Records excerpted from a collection
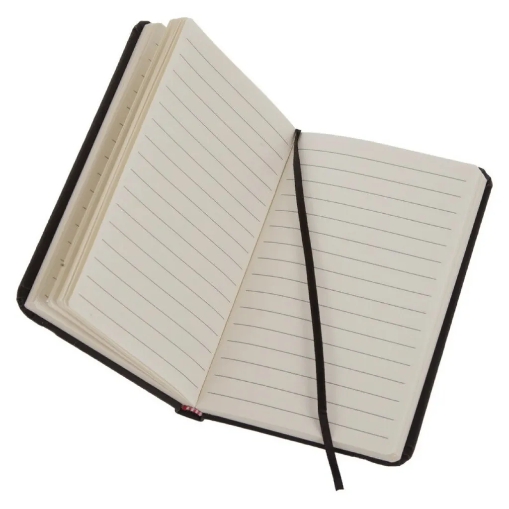 Notebook (approx. A6, 96 lined sheets), elastic band for closing and ribbon marker
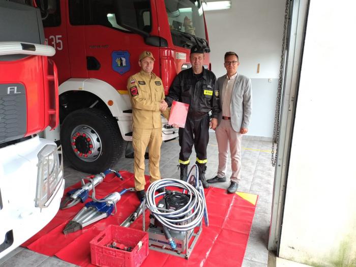 Komendant powiatowy Państwowej Straży Pożarnej w Wąbrzeźnie st. kpt. Robert Stasiak przekazał druhom z Ochotniczej Straży Pożarnej w Kurkocinie zestaw narzędzi hydraulicznych. W przekazaniu bardzo przydatnego i potrzebnego w akcjach ratowniczych sprzętu uczestniczył wójt gminy Dębowa Łąka Mateusz Rutkowski. Doposażenie jednostki OSP w Kurkocinie było możliwe dzięki współpracy Komendy Powiatowej Państwowej Straży Pożarnej w Wąbrzeźnie z Gminą Dębowa Łąka.
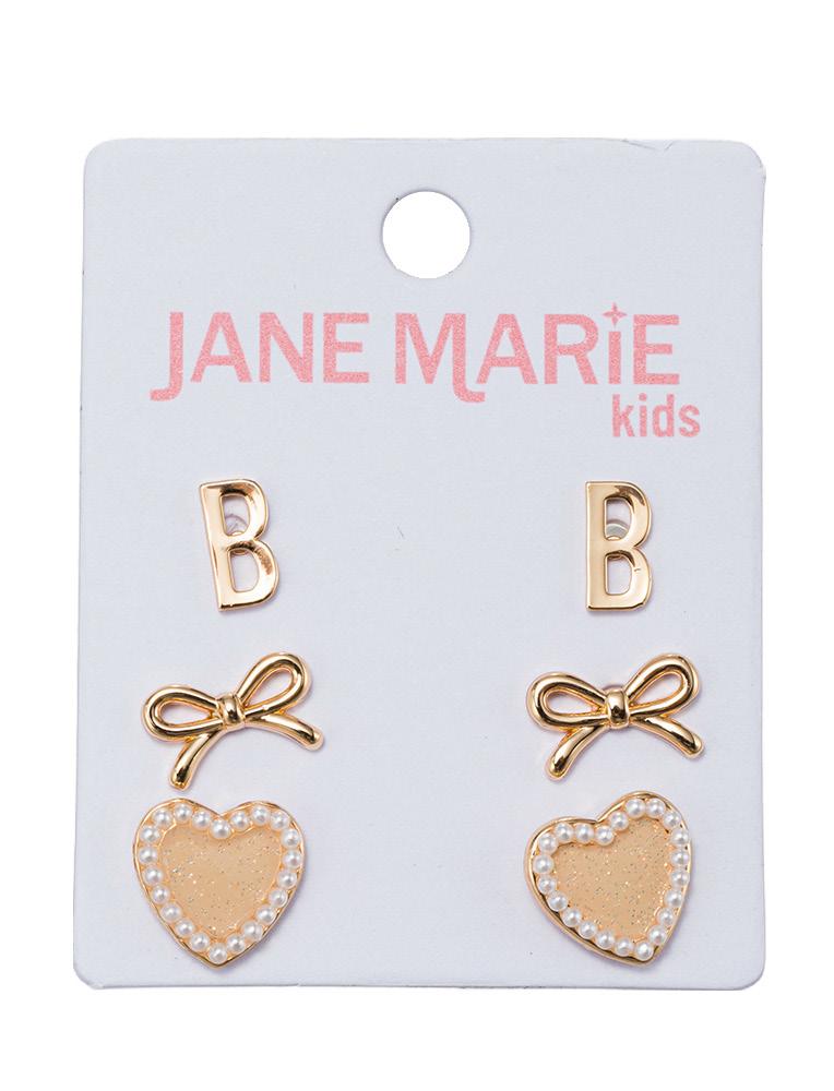 Kids 18K Gold Plated Set of 2 Heart & Bow Stud Earrings, .25”, .25”
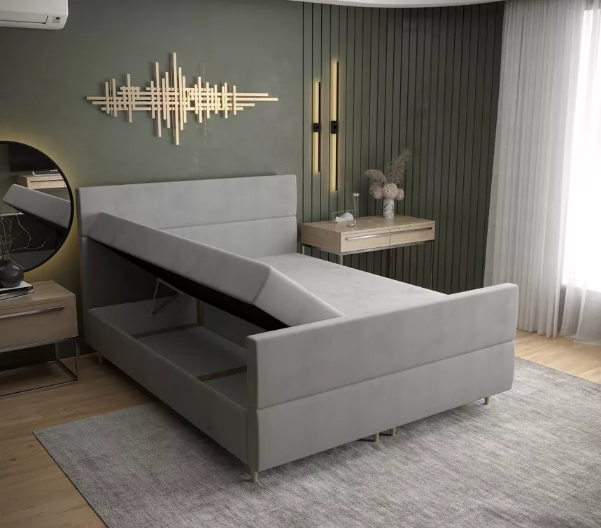 Das Boxspringbett ANGELES PLUS eignet sich für alle modernen Schlafzimmer. Das gepolsterte Kopfteil verhindert ein Verkratzen und Verschmutzen der Wand. Das Bett verfügt über 2 Stauräume, die sich unter den Klapprosten befinden.
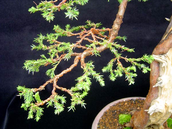 The foliage had been let to grow long every three years then cut back hard. All the time the emphasis on a compact crown and good branch structure, San José Juniper is notorious for only having foliage at the ends of branches because no light has penetrated the tree close to the trunk. The tree was also lifted from the field and the Nebari checked and adjusted if required

## PROBLEM STATEMENT
The records above are to be repeated exactly, apart from their pictures.

## WRITTEN RESPONSE
 Notebook (approx. A6, 96 lined sheets), elastic band for closing and ribbon marker
 Komendant powiatowy Państwowej Straży Pożarnej w Wąbrzeźnie st. kpt. Robert Stasiak przekazał druhom z Ochotniczej Straży Pożarnej w Kurkocinie zestaw narzędzi hydraulicznych. W przekazaniu bardzo przydatnego i potrzebnego w akcjach ratowniczych sprzętu uczestniczył wójt gminy Dębowa Łąka Mateusz Rutkowski. Doposażenie jednostki OSP w Kurkocinie było możliwe dzięki współpracy Komendy Powiatowej Państwowej Straży Pożarnej w Wąbrzeźnie z Gminą Dębowa Łąka.
 Kids 18K Gold Plated Set of 2 Heart & Bow Stud Earrings, .25”, .25”
 Das Boxspringbett ANGELES PLUS eignet sich für alle modernen Schlafzimmer. Das gepolsterte Kopfteil verhindert ein Verkratzen und Verschmutzen der Wand. Das Bett verfügt über 2 Stauräume, die sich unter den Klapprosten befinden.
 The foliage had been let to grow long every three years then cut back hard. All the time the emphasis on a compact crown and good branch structure, San José Juniper is notorious for only having foliage at the ends of branches because no light has penetrated the tree close to the trunk. The tree was also lifted from the field and the Nebari checked and adjusted if required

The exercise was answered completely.